Yeah, great job there, Pyongyang.

High Technology in the Hermit Kingdom

The Main and Academic Buildings at Pyongyang University of Science and Technology.

38North (the US-Korea Institute at SAIS blog) has been producing some fantastic reporting lately, and today came out with an article on the new Pyonyang University of Science and Technology (PUST), which opened in October.

Its very existence is a contradiction in terms. It is a pool of 160 of the best and the brightest computer and engineering students in North Korea, proud graduates of the Kim Chaek University of Technology and Kim Il Sung University. Perhaps most out-of-character for the tightly sealed country, these students will eventually be allowed free access to the internet. At first, only email capabilities will be granted, but eventually their access will open up and students able to venture beyond the Guang Myung internal North Korean intranet.

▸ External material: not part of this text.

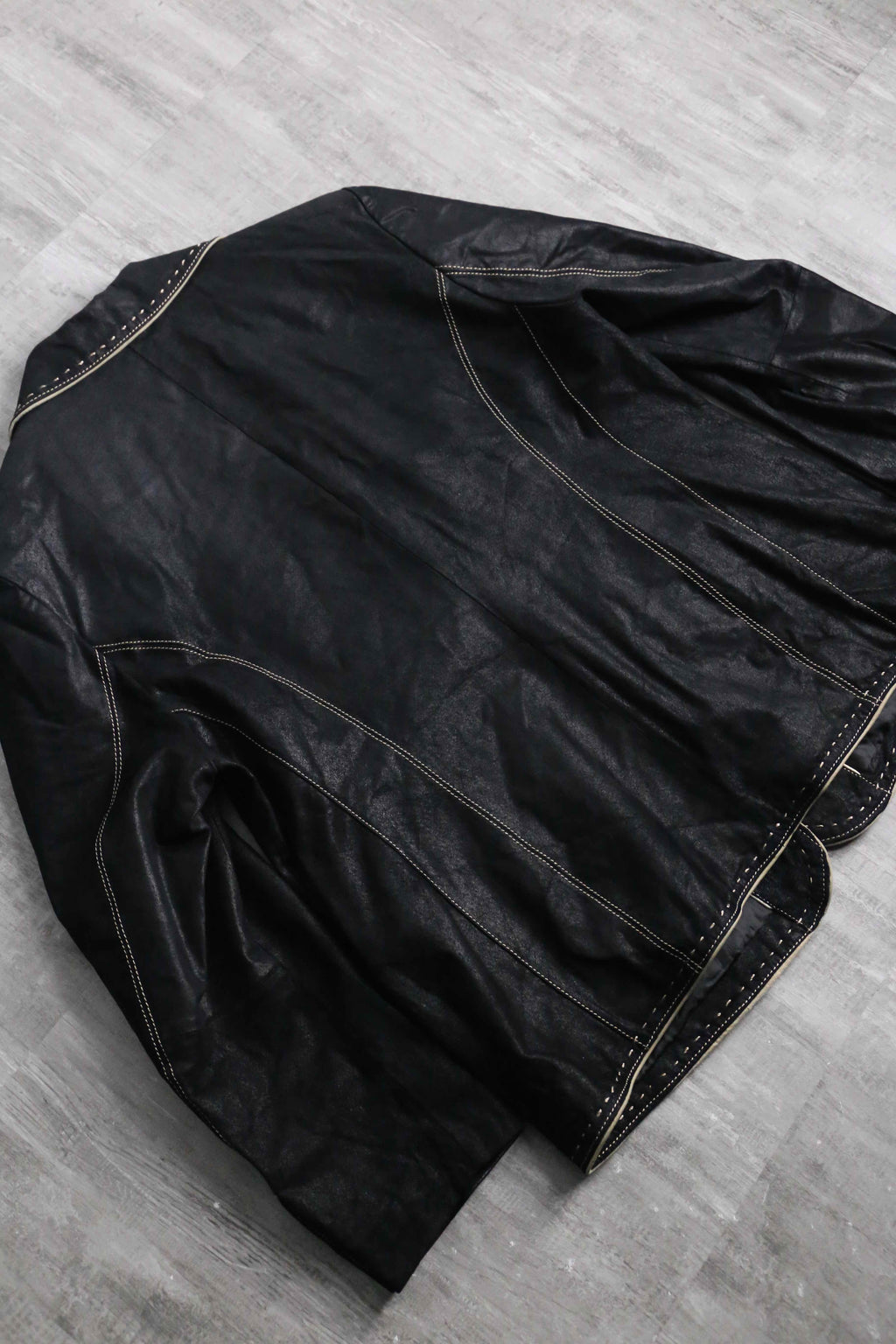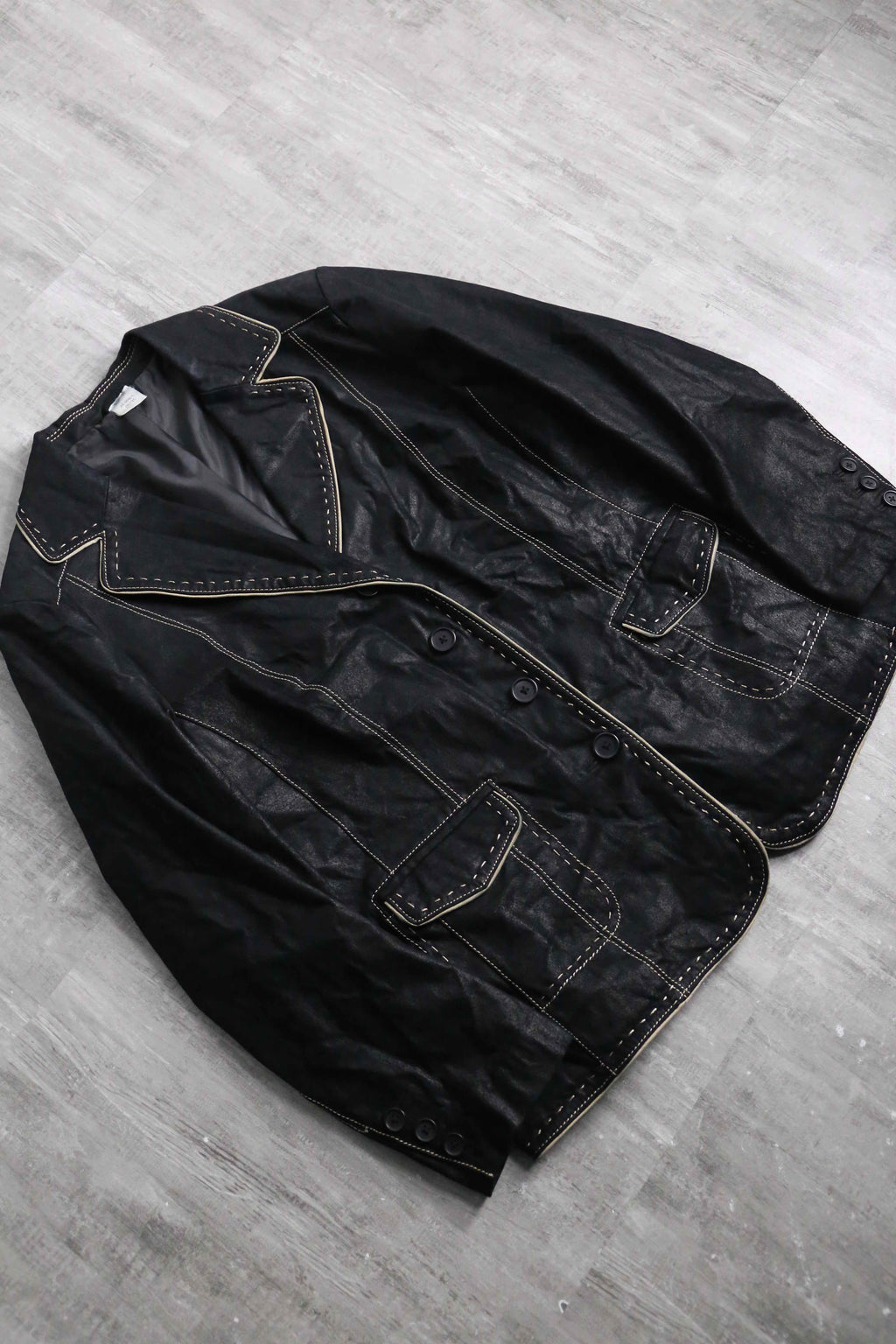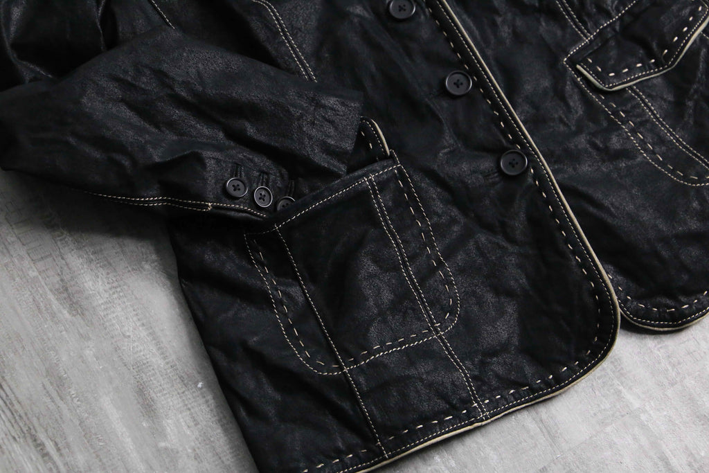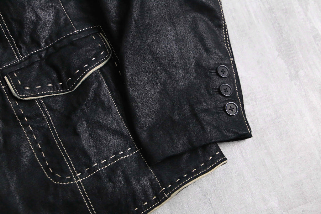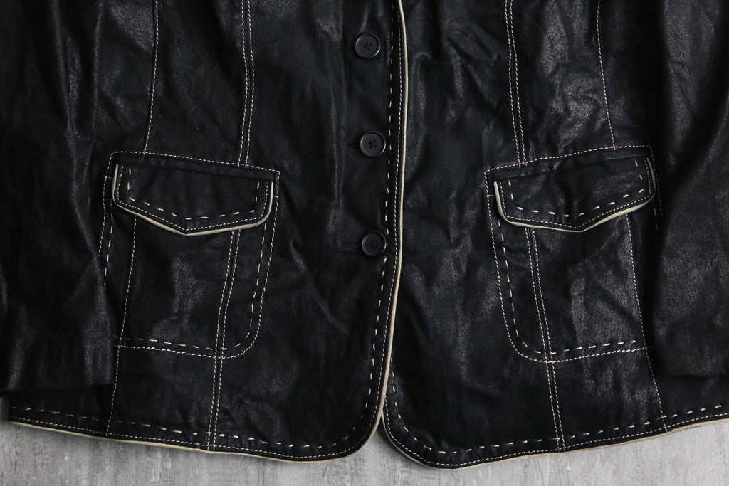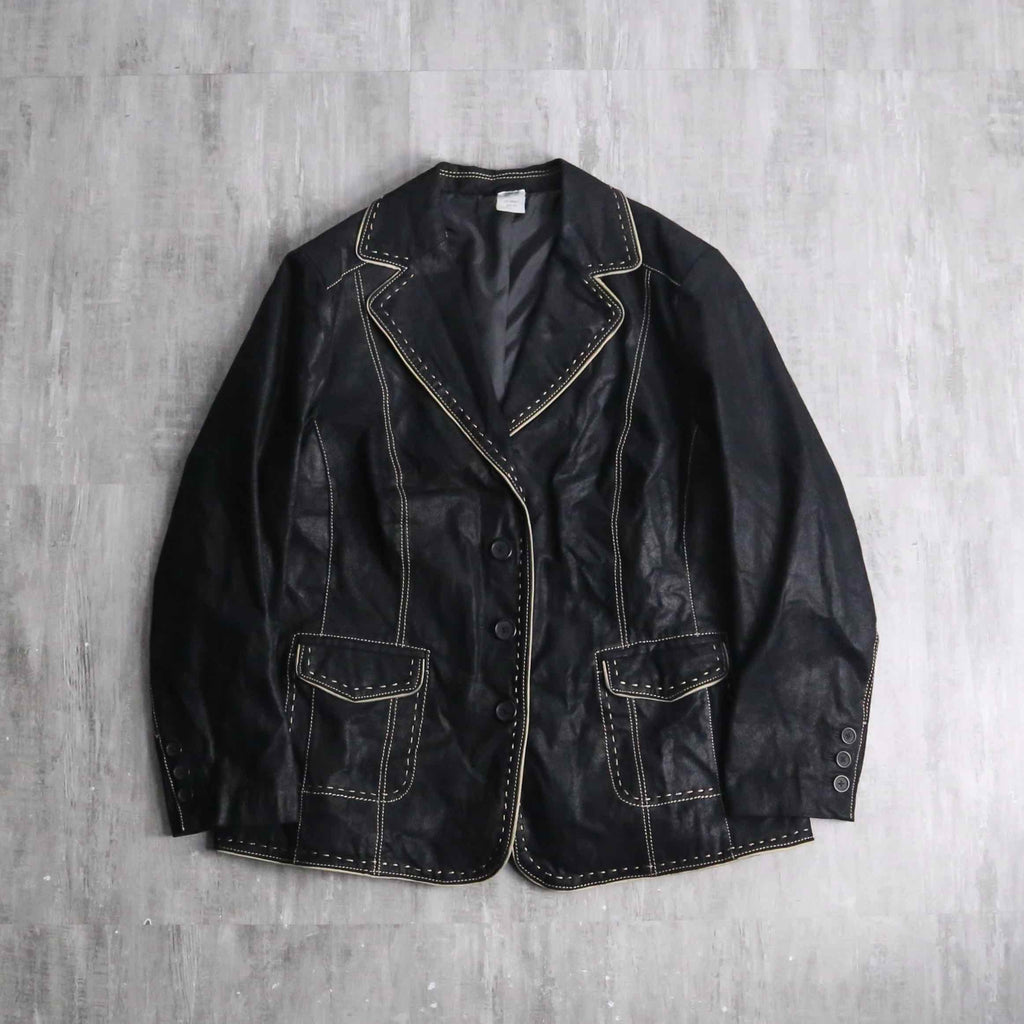 ・black stitch design leather single tailored jacket

PUST itself is backed and funded by evangelical Christians, but steps are taken to ensure that no proselytizing takes place on campus. The university is also in negotiations and talks with the Department of Commerce and South Korean agencies, clearing everything from the names of schools to the curriculum itself. PUST’s cooperation is deemed necessary to securing new technology and avoiding dual-use restrictions on tech imports.

School officials have voluntarily cleared curricula with the U.S. government, which has weighed in on details as fine as the name of one of PUST’s first three schools. The School of Biotechnology was renamed the School of Agriculture and Life Sciences because U.S. officials were concerned that biotech studies might be equated to bioweapons studies, says Park. North Korean officials, meanwhile, forbid PUST from launching an MBA program—a degree too tightly associated with U.S. imperialism. “So we call it industrial management,” Park says. “But the contents are similar to those of an MBA.”

The school hopes to have 2,600 students by 2012, visiting faculty, and all the other accoutrements of a successful modern research university. But they will also have some unique challenges to North Korea:

Kim Chaek University of Technology had around 500 Pentium 4’s and 5’s connected to the system. He estimates that nationwide, tens of thousands of computers of all types are now linked in. However, it’s not clear how effective Guang Myung is outside Pyongyang, where clunky routers funnel information to ancient machines—remember 386s and 486s? Another major woe is an unstable electricity supply that regularly fritzes electronics. Lee, who has visited North Korea 15 times, says that when he asks what scientists need most, they request laptops, whose power cord adaptors and batteries can better handle electrical fluctuations.

Signs of openness? An attempt to forcibly drag North Korea into the 21st century? A smokescreen for weapons-grade technology imports? Or just an opportunity to drastically improve the lives of a few lucky North Koreans?

It’s hard to say, on the whole, whether this is a good or bad development. The students attending PUST will have more access to knowledge and the broader world than ever before, and depending on whether their contact with ‘normal’ North Koreans is limited, could possibly spread the gospel of the free world. Then again, developments and breakthroughs made at PUST could very well have military implications, despite all assurances to the contrary (indeed, how could Kim Jong-Il or Kim Jong Un resist?).

If this really “might nudge the country’s tattered manufacturing-based economy toward an information-based economy,” that should be good for North Korea in the long run. But then again, we’re still feeling the agony of our shift from one to the other, and for a country like the United States that transition was not an easy one to make. I suspect it may be even more painful for the DPRK.